→ HOW TO COMPLETE THIS TASK
All lines below between the line with "اپلیکیشن اوردرهای عفونی" and the line with "Trio de Quadros", including both, must be copied exactly, and the pictures must be omitted.

→ SUPPLIED MATERIAL
* * * * * * * * *

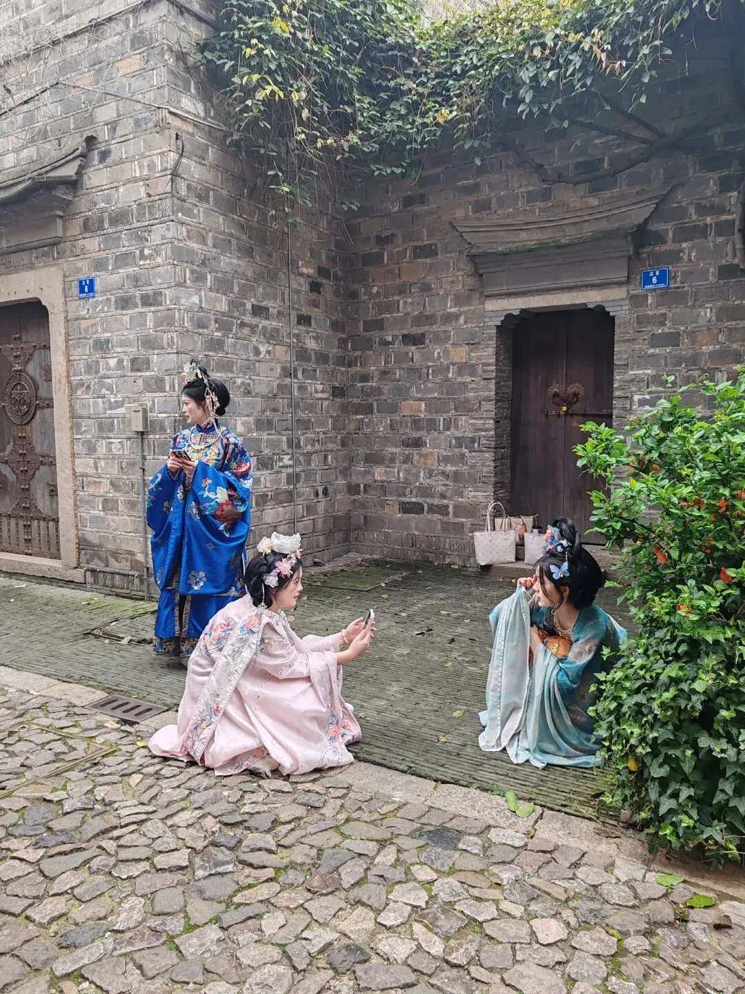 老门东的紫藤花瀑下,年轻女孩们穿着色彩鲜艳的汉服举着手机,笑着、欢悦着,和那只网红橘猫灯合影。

* * * * * * * * *

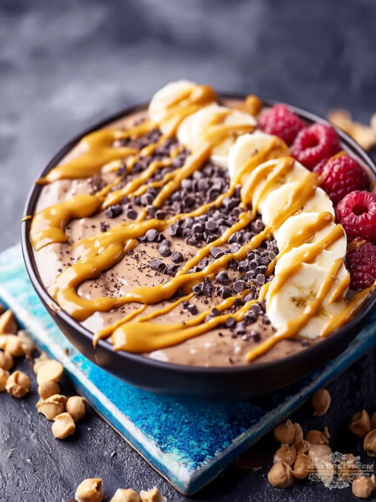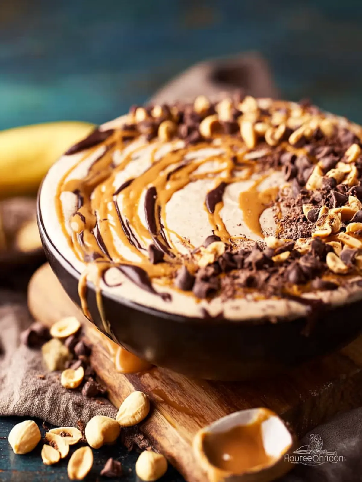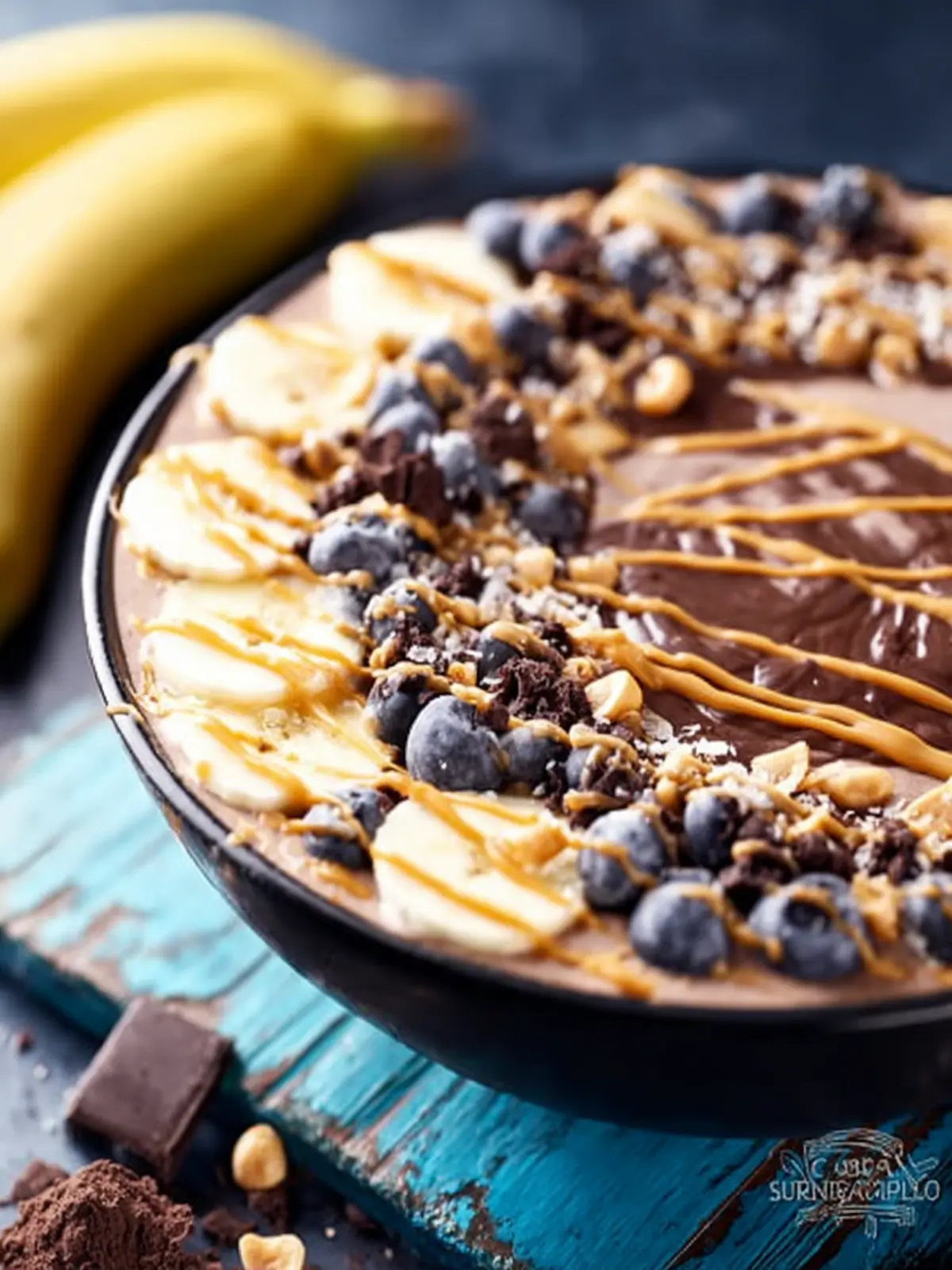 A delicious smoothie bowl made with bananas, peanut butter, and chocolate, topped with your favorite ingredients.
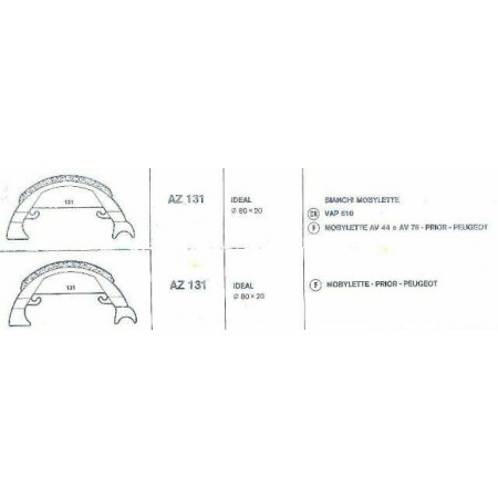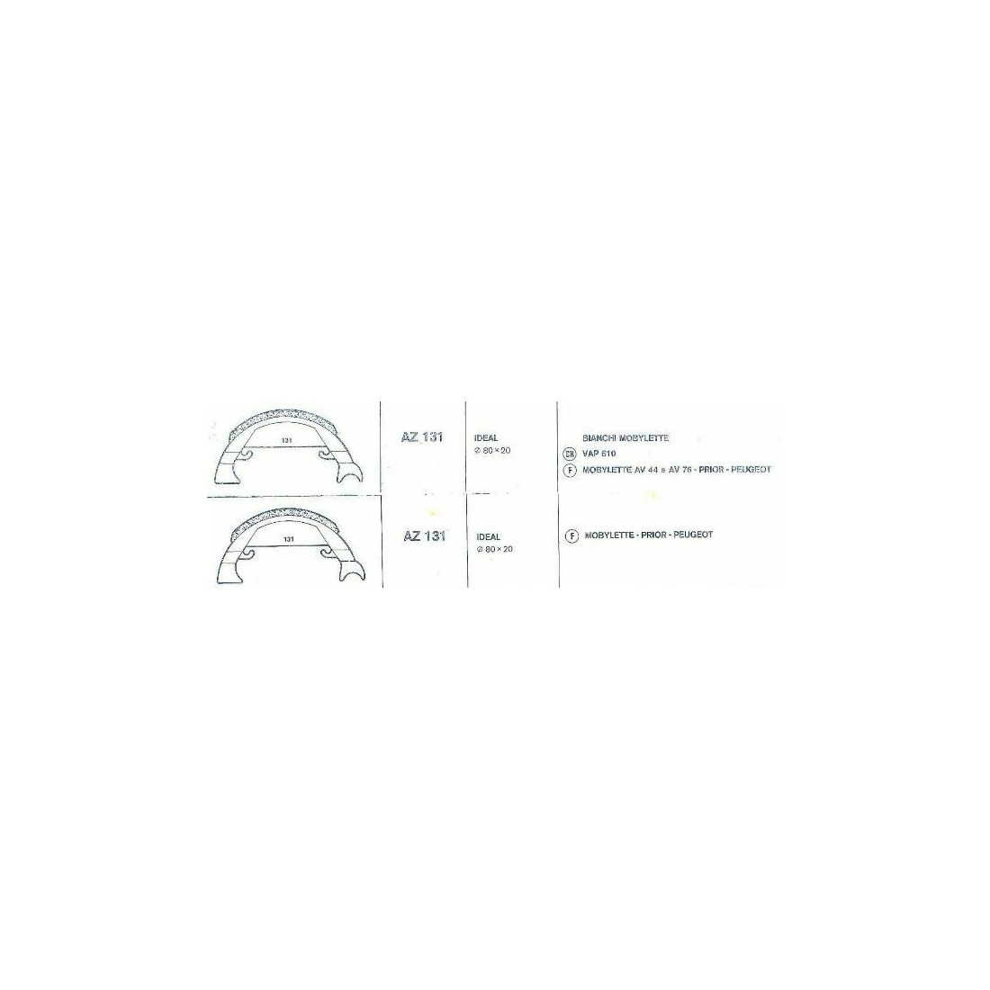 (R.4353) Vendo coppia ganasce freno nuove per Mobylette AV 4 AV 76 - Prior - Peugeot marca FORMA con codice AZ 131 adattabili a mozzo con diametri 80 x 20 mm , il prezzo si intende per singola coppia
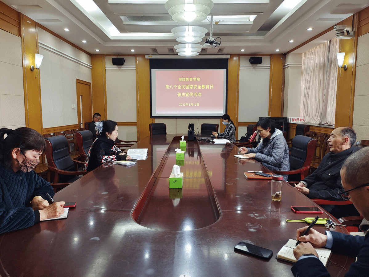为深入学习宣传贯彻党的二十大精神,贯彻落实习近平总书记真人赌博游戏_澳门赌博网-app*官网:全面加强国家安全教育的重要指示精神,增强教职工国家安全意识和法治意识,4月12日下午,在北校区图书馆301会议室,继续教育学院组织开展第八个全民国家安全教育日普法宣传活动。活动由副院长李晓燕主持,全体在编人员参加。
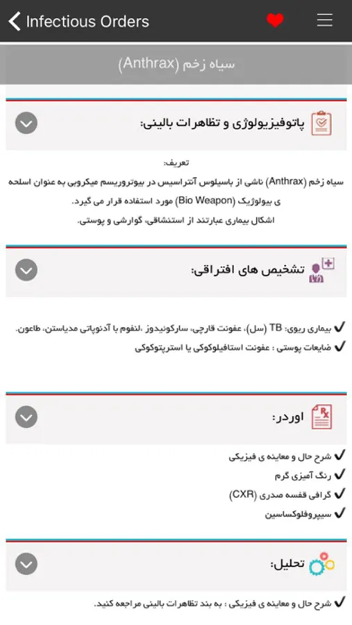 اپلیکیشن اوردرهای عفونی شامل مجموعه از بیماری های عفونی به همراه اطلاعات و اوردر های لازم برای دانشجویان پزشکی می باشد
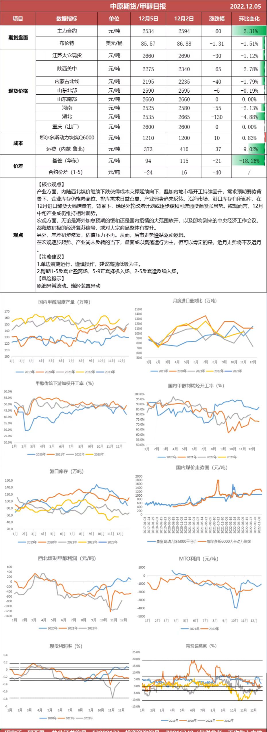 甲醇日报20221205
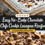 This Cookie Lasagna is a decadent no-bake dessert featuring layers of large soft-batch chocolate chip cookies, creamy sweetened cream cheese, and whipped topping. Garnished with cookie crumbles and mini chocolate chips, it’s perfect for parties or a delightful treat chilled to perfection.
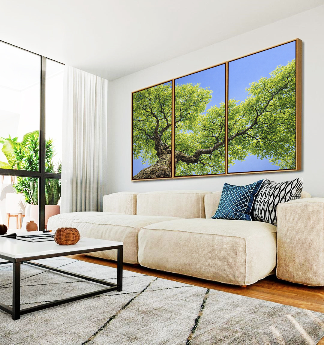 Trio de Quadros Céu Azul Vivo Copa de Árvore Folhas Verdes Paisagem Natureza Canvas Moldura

* * * * * * * * *

→ ANSWER SECTION
 اپلیکیشن اوردرهای عفونی شامل مجموعه از بیماری های عفونی به همراه اطلاعات و اوردر های لازم برای دانشجویان پزشکی می باشد
 甲醇日报20221205
 This Cookie Lasagna is a decadent no-bake dessert featuring layers of large soft-batch chocolate chip cookies, creamy sweetened cream cheese, and whipped topping. Garnished with cookie crumbles and mini chocolate chips, it’s perfect for parties or a delightful treat chilled to perfection.
 Trio de Quadros Céu Azul Vivo Copa de Árvore Folhas Verdes Paisagem Natureza Canvas Moldura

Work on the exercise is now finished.